PeptideTrace

ATP Production

The generation of adenosine triphosphate, the primary energy currency of cells, primarily through oxidative phosphorylation in mitochondria. Impaired ATP production underlies the muscle weakness, cardiomyopathy, and fatigue seen in mitochondrial diseases like Barth syndrome.

Technical Context

ATP yield per glucose: glycolysis (2 ATP + 2 NADH), pyruvate dehydrogenase (2 NADH), citric acid cycle (2 ATP + 6 NADH + 2 FADH₂), oxidative phosphorylation (~30-32 ATP from NADH and FADH₂ via ETC + ATP synthase).
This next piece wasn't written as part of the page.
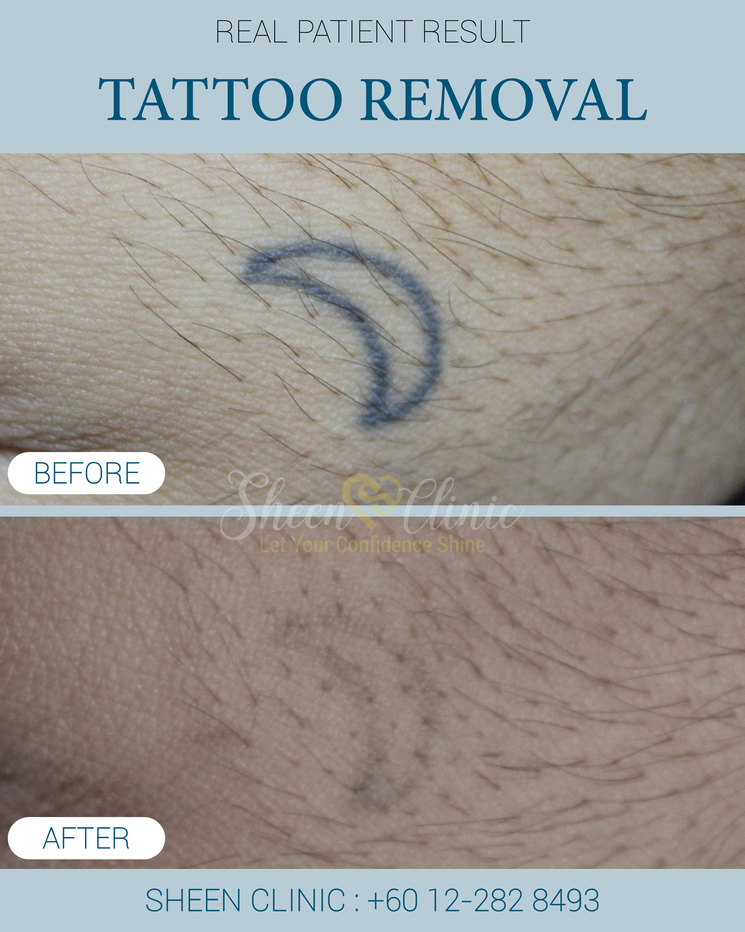 Real Patent's Before- after photo show Tattoo ink reduction after 5 sessions of PICO laser

Total: approximately 30-32 ATP per glucose (earlier estimate of 36-38 was revised based on actual H⁺/ATP ratio). Tissues with highest ATP demand: cardiac muscle (consuming approximately 6kg ATP/day — 15-20× its own weight), skeletal muscle (during exercise), brain (approximately 20% of total body ATP consumption despite 2% body weight), and kidney (active transport of solutes). Barth syndrome cardiomyopathy results from insufficient cardiac ATP production to meet the heart's extraordinary energy demands — cardiac muscle is therefore the most severely affected tissue. Elamipretide's improvement of mitochondrial ATP production is most clinically significant in high-demand tissues.